To make arbitration a bit more flexible, lawyers often wrote the terms of the contract to expand judicial oversight of the process. In the Hall Street case, the arbitration agreement gave the court power to change any arbitration award if the arbitration panel made a legal error, giving the disappointed party what amounts to a do-over in Federal Court. The exact wording of their agreement was as follows:
"[t]he United States District Court for the District of Oregon may enter judgment upon any award, either by confirming the award or by vacating, modifying or correcting the award. The Court shall vacate, modify or correct any award: (i) where the arbitrator's findings of facts are not supported by substantial evidence, or (ii) where the arbitrator's conclusions of law are erroneous."
In other words, the parties agreed to make the binding arbitration a little less binding. Until this week, federal courts in eighteen states allowed this practice, courts in twenty-two states rejected it. Numerous organizations filed friend of the court briefs in support of one side or the other, some arguing the importance of finality in arbitrations, others predicting doom and gloom for arbitration if the courts were not allowed more oversight. Now the matter is settled. The wording of the statute governs, and parties can not obtain heightened judicial review by writing their arbitration agreement to allow it. In other words, absent a few narrow exceptions, you're stuck with the arbitrator's decision.

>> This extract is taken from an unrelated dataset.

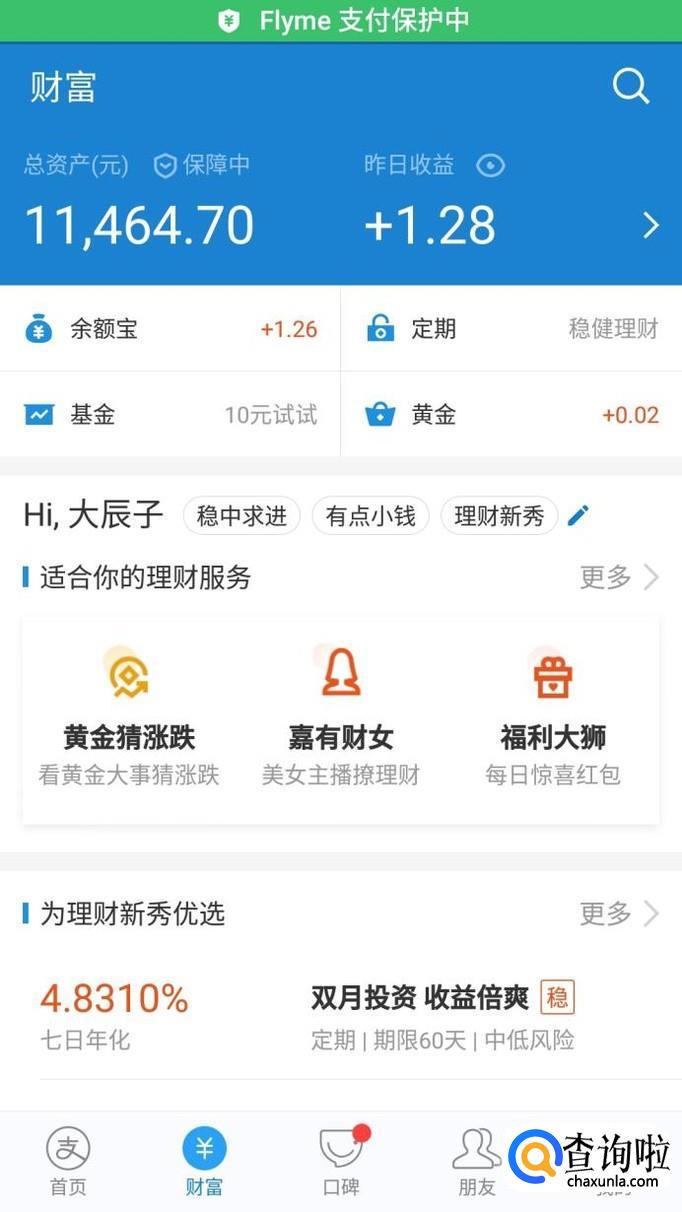 进入财富界面,我们即可看到个人资产以及收益等信息,随意点击一个基金项目。
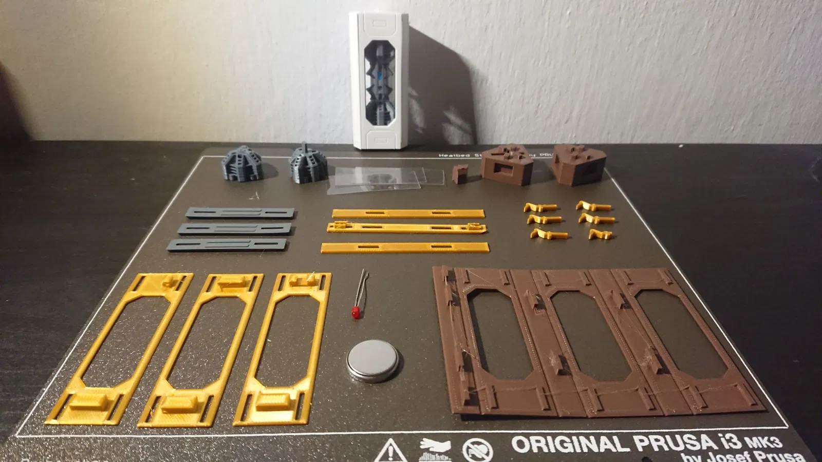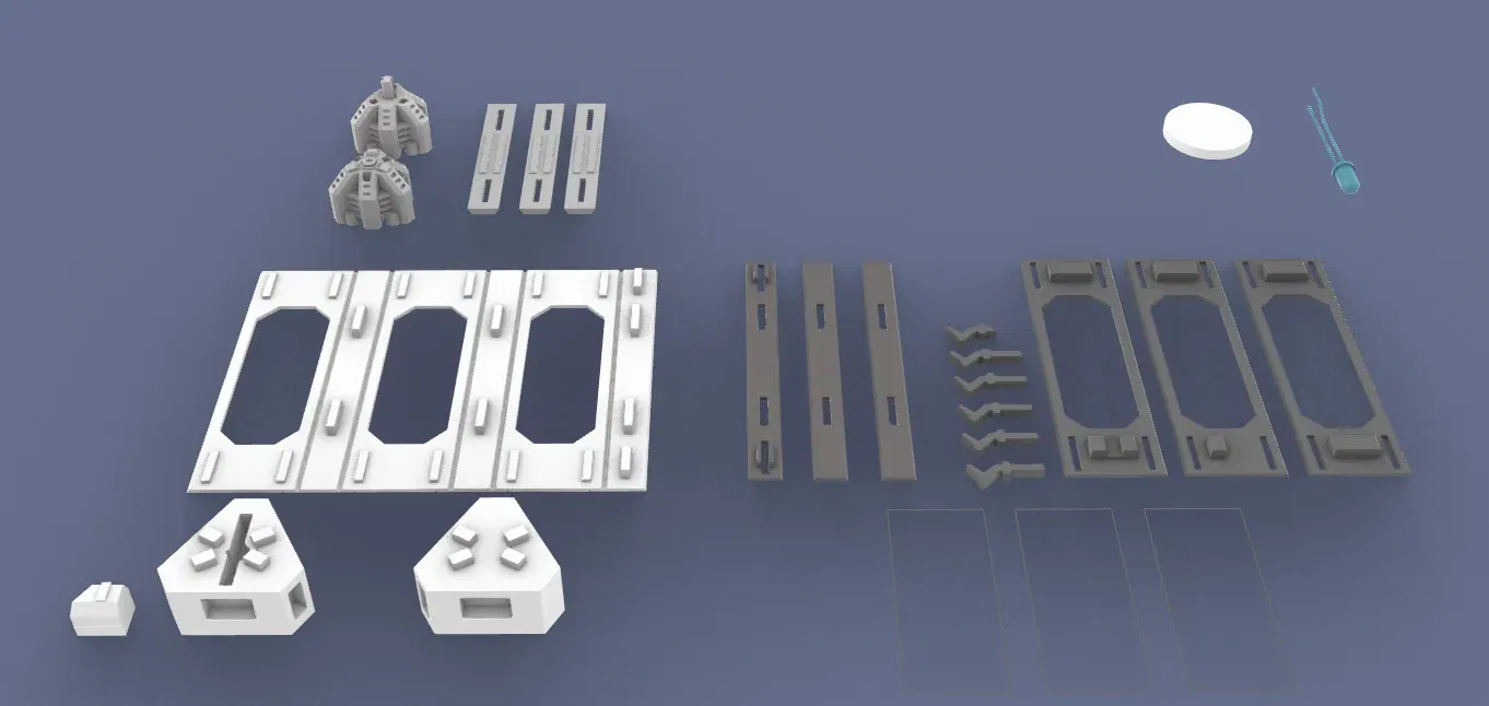 bình chứa vật chất phản vật chất có thể được in trên bất kỳ máy in 3D nào, vì mô hình được thiết kế để phù hợp ngay cả trên các bề mặt máy in nhỏ và có thể được in mà không cần các chức năng như in màu, in đa vật liệu, và mỗi phần có thể dễ dàng được in mà không cần hỗ trợ. Bạn không cần bất kỳ loại keo nào để lắp ráp đèn miễn là bạn nhấn vào các cài đặt chính xác. Tôi cũng đã đăng hướng dẫn lắp ráp đơn giản trong hình ảnh. Ngoài các phần đã in, bạn chỉ cần một viên pin phẳng 3v cổ điển (CR2025), một diode LED 3v và 3x tấm nhựa cắt ra. Cũng có một mẫu để hình thành một cánh tay của diode LED.

This doesn't mean that the parties cannot protect themselves from arbitrators who ignore the law. Arbitration agreements can, and often do, include requirements that specify the rules and procedures that must be followed. My prediction is that going forward, arbitration provisions will become a bit more detailed as to the legal procedures that must be followed, giving parties and their lawyers a few more things to argue about when drafting a contract.